Guest Commentary By Sheridan Murphy
Copyright © 2000 Murphy
The problem isn't in your claim that you had ancestors that were Tsalagi, but in the claims to status as a Nation.Indigenous Tribes are Nations and hold legitimate claims to sovereign status. One can not just up and start a nation because they feel like it, or because they have ancestors who may or may not have been citizens of that Nations. U.S. descendants in Vietnam can not seven generations from now start the USA in Vietnam without legitimate authority and expect to be recognized etc.
Indian Nations have authority from two sources. One would be traditional. The traditional authority for the Tsalagi Nation went with on the trail of tears and is in Oklahoma. No traditional government can exist anywhere else-hence the Eastern Band rather than Eastern Cherokee Nation. The other authority comes from the Howard/Wheeler Act-Indian reorganization Act tribal councils created by tribal constitution as the interface the BIA recognizes between the Nation and the US government.

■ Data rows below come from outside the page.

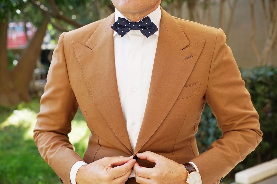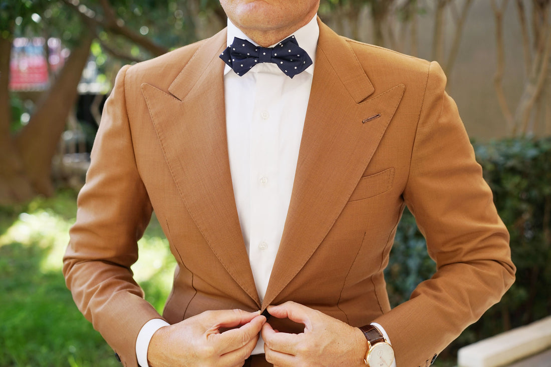 One of OTAA's signature designs; the Navy Blue Polka Dots OTAA Diamond Bow Tie is a flawless staple for elegant dressing. Incorporating all of OTAA's design tenets; quality, tailoring and detail, this Navy Blue Polka Dots OTAA Diamond Bow Tie is a fabulous fruition of excellence. A favoured piece amongst men with sophisticated sentiments, this diamond bowtie makes one of the most versatile and classic staples a man can possibly buy. From its in-house design and handcrafted process to its sumptuous micro fabric; there's no doubt this Navy Blue Polka Dots OTAA Diamond Bow Tie will become one of your favourite wardrobe statements. Wear it to all your formal engagements and laidback social events to achieve a refined aesthetic. Designed exclusively by the Brothers at OTAA.
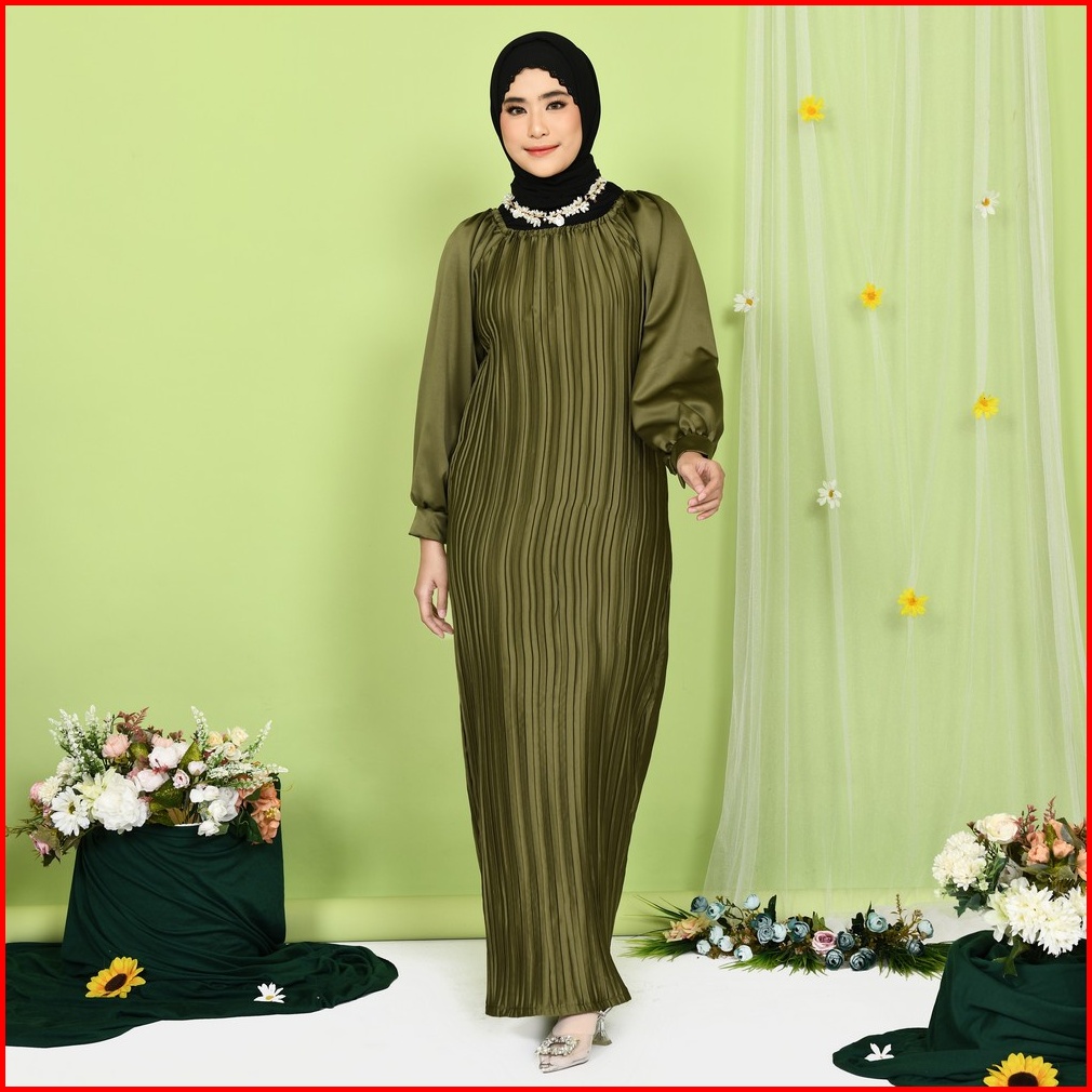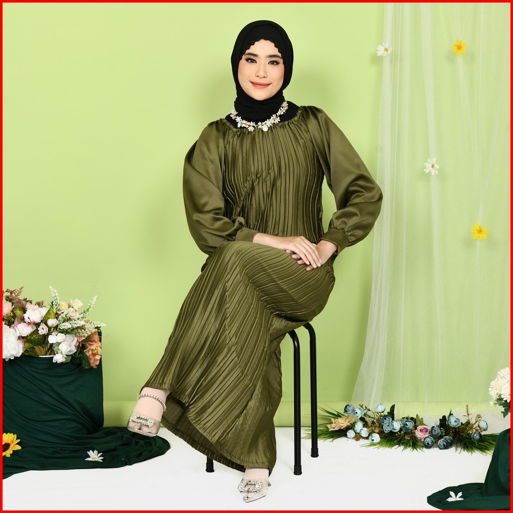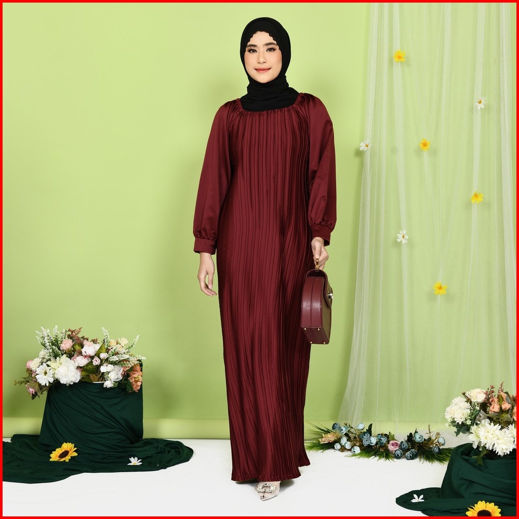Mybamus X Jihansahira - Sahira Long Dress Plisket - Gamis Wanita - Dress Plisket
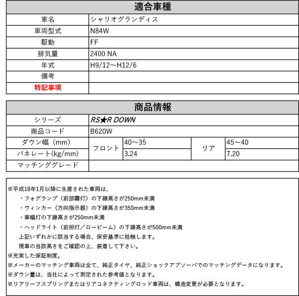 【必ずご確認ください。】 メーカー欠品や受注生産品があります。納期確認お願いします。 ◇対 応 車 種 表 シリーズ:RS★R DOWN 品 番:B620W 車 名:MITSUBISHI シャリオグランディス 型 式:N84W(FF) 排気量:2400 NA 年 式:H9/12〜H12/6 ダウン幅(mm):Fr 40〜35 / Rr 45〜40 バネレート(kg/mm):Fr 3.24 / Rr...
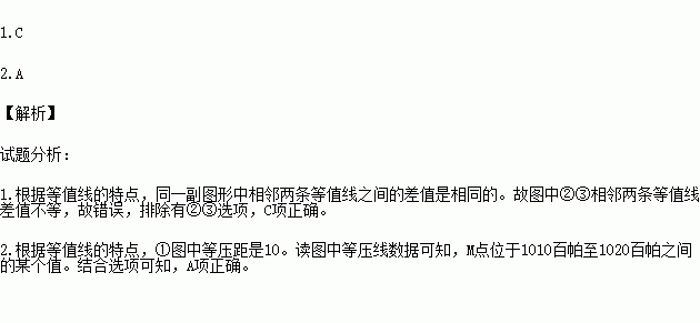 2.①图中M处气压值可能为( )
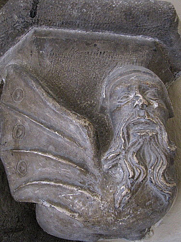 Sota les voltes de la Rambla s'hi poden observar tres mènsules amb una imagineria ben curiosa. En una s'hi representa una figura amb barret, meitat home meitat cargol, que toca una mena de flauta; en una altra, un home que toca un sac de gemecs, i, en la tercera, una testa amb una venerable barba molt llarga i ales de vampir.
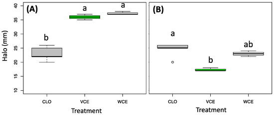 Antifungal assay results, using the disk diffusion method (halo diameter (mm)) from extracts obtained from Savoy cabbage (green box, VCE) and white cabbage (white box, WCE) induced in C. albicans ATCC 14053 (A) and C. glabrata ATCC 15126 (B) compared with Clotrimazole (Grey-CLO). Different letters above the bars indicate significant differences, according to Kruskal-Wallis followed by Nemenyi’s post hoc test (p-value cutoff = 0.05).
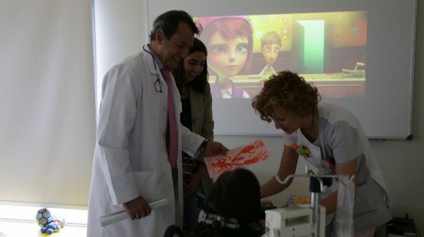 Están proyectando la película de dibujos Kung Fu Panda y cada niño la está viendo, a su manera, mientras las enfermeras y las fisioterapeutas les aplican su medicación, les dan masajes y les estimulan con canciones.
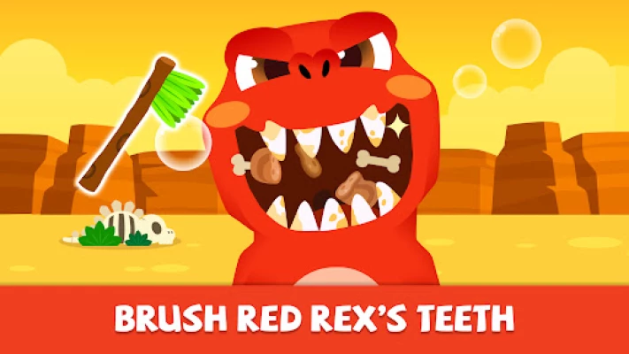 • Brush dino teeth, color pictures, and play puzzles in fun dino games for kids.
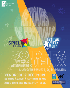 Pour la prochaine Soirée Jeux de la ludothèque, nous vous présenterons les nouveautés que les ludothécaires ont découvert au Festival des Jeux de Vichy, ainsi qu’au Festival International du jeu Spiel Essan !
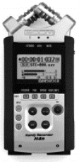 H4n是一款小巧的录音设备(图4-1),机体重量仅有280克。其内置扬声器可以直接回放而不必再戴耳机。SD/SDHC记忆卡储存录音,具有DSP效果,外部电源或者2节5号电池即可供应长时间录音达10小时的耐力模式(Stamina Mode)。H4n对于环境和现场声音能够准确录制。H4n最高支持24bit/96kHz的线性PCM录音,录音格式以WAV或者MP3保存,所录节目可以通过自带的USB接口或使用读卡器传送到电脑。
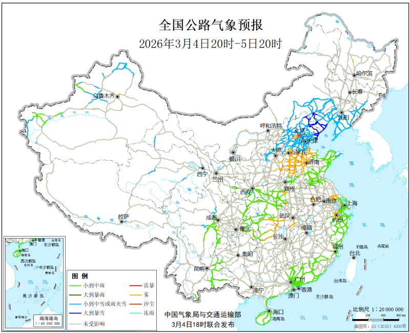 中國氣象局與交通運輸部2026年3月4日聯合發佈全國主要公路氣象預報
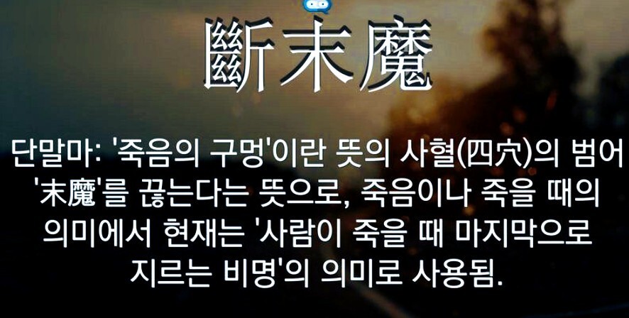"숨이 끊어질 때의 마지막 고통"을 일컫는 단어인 "단말마"는 "끊을 단(斷)"과 급소를 뜻하는 "말마(末摩)"가 결합하여 만들어진 단어입니다.
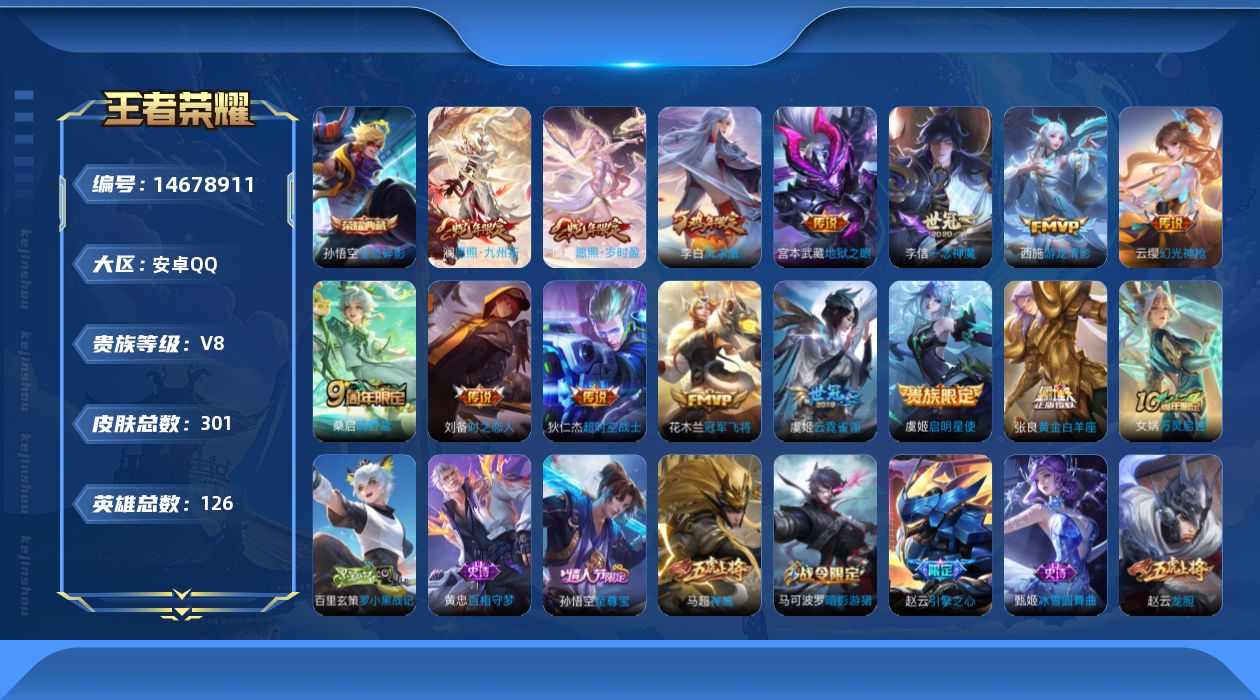 [14678911]v8 1典藏 14传说 126英雄 301皮肤 可修改实名 【英雄全皮】:蒙恬全皮鬼谷子全皮 【稀有英雄】:大司命嬴政始皇帝韩信韩跳跳夏洛特夏师傅艾琳橘右京橘子娜可露露鸟人不知火舞赵云金蝉唐僧戈娅 【荣耀水晶】:全息碎影猴子典藏 【传说皮】:幻光神呛游龙清影小青龙黄金白羊座地狱之眼云霓雀翎一念神魔冠军飞将时之恋人-刘备电焊工超时空战士-狄仁杰 【珍宝阁皮】:蔷薇恋人女武神 【赛季/战令皮】:噬灭天穹s37古海寻踪s33海盐诗旅s30擒涛扼浪s31潮玩骑兵奇幻香踪探海日志s32驭风魔法玲珑珍味顽趣-梦奇剑破天穹s35天穹祈灯s34天穹之誓s36炼金王s6凯尔特女王s7狰s8饕餮s9烛龙s10重明s11穷奇s12御狮s13御霄s14御旌s15御銮s16朔风刀s17混沌棋s18疑决卦s19醍醐杖s20原初探秘者s21万华元夜s22演武夺筹s23驱傩正仪s24千军破阵s25神迹守卫-钟馗狮舞东方赤莲之焰驯魔猎人星空之诺银河之约夺宝奇兵迷踪丽影西部大镖客-猪八戒暗影游猎游乐娃子金庭之子s27大漠名商s28云中旅人s29 【史诗皮】:百相守梦-黄忠星界战将谪仙醉月万灵启世罗小黑战记-百里玄策紫霞仙子白龙吟黄金分割率特工魅影千年之狐江河有灵百解令蒙犽蒙恬荣光圣徽龙骑士小龙虾冰冠公主偶像歌手无限星赏官电玩·爆裂旋风猫狗日记-孙策猫狗日记-大乔时之恋人-孙尚香乱世虎臣节奏热浪女仆咖啡摇滚巨星水果甜心绅士熊喵星夜王子心灵骇客功夫厨神暗隐猎兽者幽灵船长鬼剑武藏暗渊魔法心灵战警舞动绿茵地狱岩魂繁星吟游呼啦呼啦拒霜思缤纷独角兽乘风破浪逐浪之夏水晶猎龙者曙光守护者箭羽风息金属风暴原初追逐者圣诞狂欢圣诞恋歌鹰眼统帅暗夜贵公子魅力维加斯黎明之约无心未来纪元-赵云 【限定皮】:愿照·九州拓澜年限愿照·岁时盈虞姬年限逐霄战戟鸣野蒿至尊宝凤求凰白切鸡神威电光马子遇见
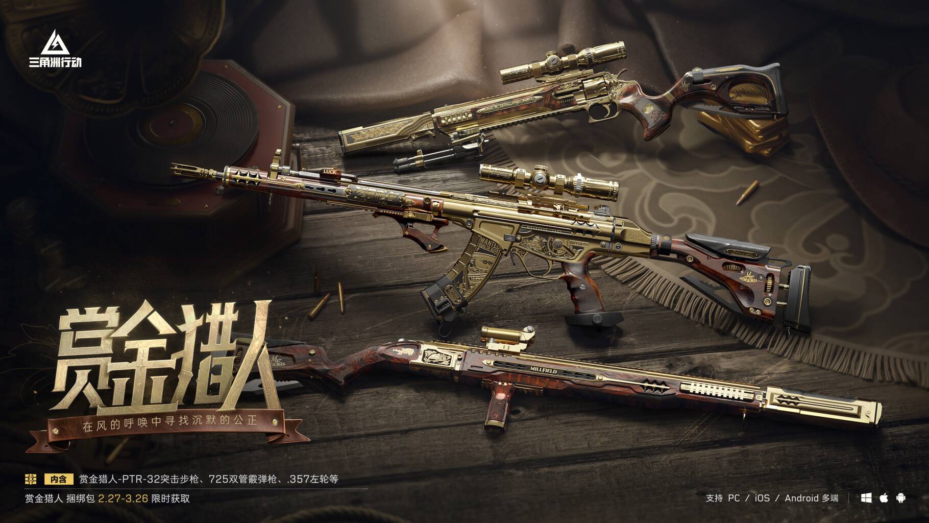 【赏金猎人】系列外观亮相!2月27日-3月26日,参与活动免费领取传说外观捆绑包自选包,开启后可自选1套传说武器外观捆绑包!
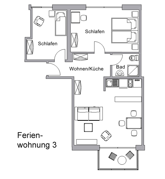 Ausstattungsübersicht: 1 Schlafzimmer mit Doppelbett, 1 Schlafzimmer mit 1 Einzelbett, Küchenzeile im Wohnbereich (2-Platten-Ceranfeld, Spülbecken, Geschirrspüler, Kühlschrank mit sep. Tiefkühlfach, Kaffeemaschine, Toaster, Mikrowelle, Minibackofen, Wasserkocher), Duschbad, Balkon mit Seeblick , Sat-TV, Radio, DVD/CD-Player, W-Lan (gebührenfrei).
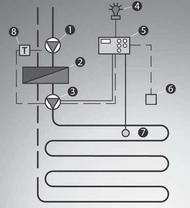 Второй вариант имеет то преимущество, что тепло должно быть доступно только тогда, когда существует опасность обледенения, но и недостаток – потребность в гораздо большей тепловой мощности от системы. Идеальный вариант - это сочетание обеих систем. Индикатор осадков и обледенения PURMO дает возможность включения системы от определенного уровня температуры наружного воздуха. Только когда появляется снег или лёд, активируется дополнительная мощность.
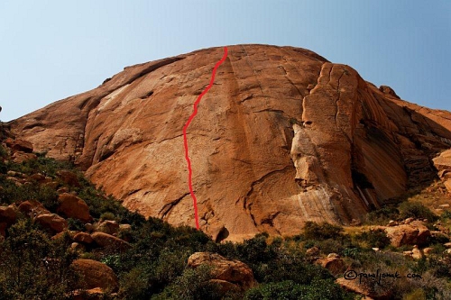 Všude okolo je šutroviště z žulových bochanů neskutečných tvarů, za zády máme Sugarloaf, 300 m vysokou žulovou klouzačku s vynýtovanými rajbasy na pár délek s nejtěžší klasou kolem 8uiaa. Největší kousek je vidět odevšad, čtyřistametrová naštěstí mírně položená JZ stěna Spitzkoppu, kde vede pár vynýtovaných cest často hodně strmou plackou, na to aby se dala nazvat rajbasem. Většina směrů má 12 délek a klasa osciluje podle sklonu a typu lezení až po 9- sem tam s nějakým technickým flekem. Stěna má pořád místo na prvovýstupy a to je to, proč jsme tady.
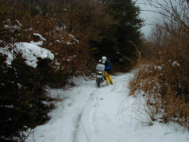 林道を進めば進む程雪は深くなり、もうすっかり
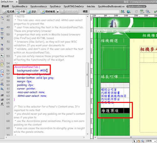 下圖是TQC「Dreamweaver CS4實力養成暨評量」書中的310題,Default.htm的編輯畫面。

The so-called Southern Cherokee Nation has no authority under either to exist as a Nation or government and therefore can have no legitimate claim to such. What it can do is create confusion, serve to help those who seek to destroy Indigenous National sovereignty. That's why most Indian Nations and groups oppose these associations of lineal descendants, at best, that form these upstart "tribes" and "nations" and muddy an already unclear issue to most Americans and bring more trouble to Indian country at no expense to themselves.